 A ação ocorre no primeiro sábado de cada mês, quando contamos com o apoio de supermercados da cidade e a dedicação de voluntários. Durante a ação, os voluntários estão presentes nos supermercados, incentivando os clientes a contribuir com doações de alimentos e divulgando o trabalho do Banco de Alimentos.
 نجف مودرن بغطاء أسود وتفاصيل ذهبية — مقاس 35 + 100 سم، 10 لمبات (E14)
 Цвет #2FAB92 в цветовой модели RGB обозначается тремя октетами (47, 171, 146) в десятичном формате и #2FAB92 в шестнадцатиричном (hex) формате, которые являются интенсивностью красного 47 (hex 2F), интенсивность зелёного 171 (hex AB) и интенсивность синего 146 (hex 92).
+++
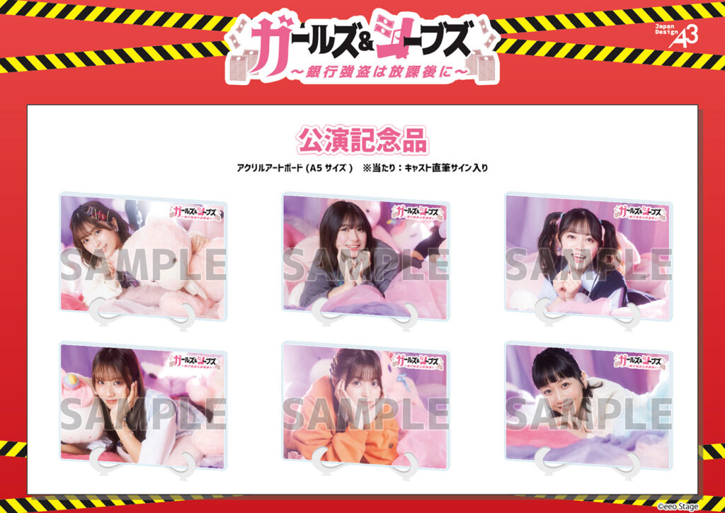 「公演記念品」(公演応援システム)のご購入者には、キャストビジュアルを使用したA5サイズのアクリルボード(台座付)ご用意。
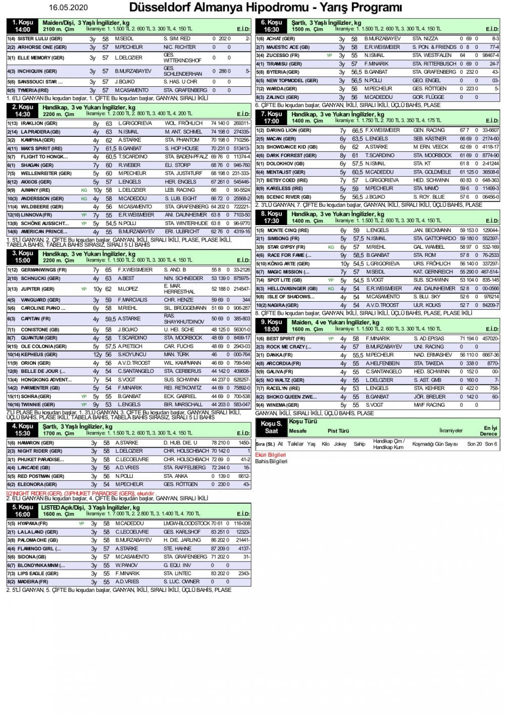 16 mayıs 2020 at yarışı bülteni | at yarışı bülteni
+++
= Exercise directions =
All lines above from the line with "A ação ocorre" through the line with "Цвет #2FAB92 в", both included, are to be set down exactly, with nothing else.

= Task result =
 A ação ocorre no primeiro sábado de cada mês, quando contamos com o apoio de supermercados da cidade e a dedicação de voluntários. Durante a ação, os voluntários estão presentes nos supermercados, incentivando os clientes a contribuir com doações de alimentos e divulgando o trabalho do Banco de Alimentos.
 نجف مودرن بغطاء أسود وتفاصيل ذهبية — مقاس 35 + 100 سم، 10 لمبات (E14)
 Цвет #2FAB92 в цветовой модели RGB обозначается тремя октетами (47, 171, 146) в десятичном формате и #2FAB92 в шестнадцатиричном (hex) формате, которые являются интенсивностью красного 47 (hex 2F), интенсивность зелёного 171 (hex AB) и интенсивность синего 146 (hex 92).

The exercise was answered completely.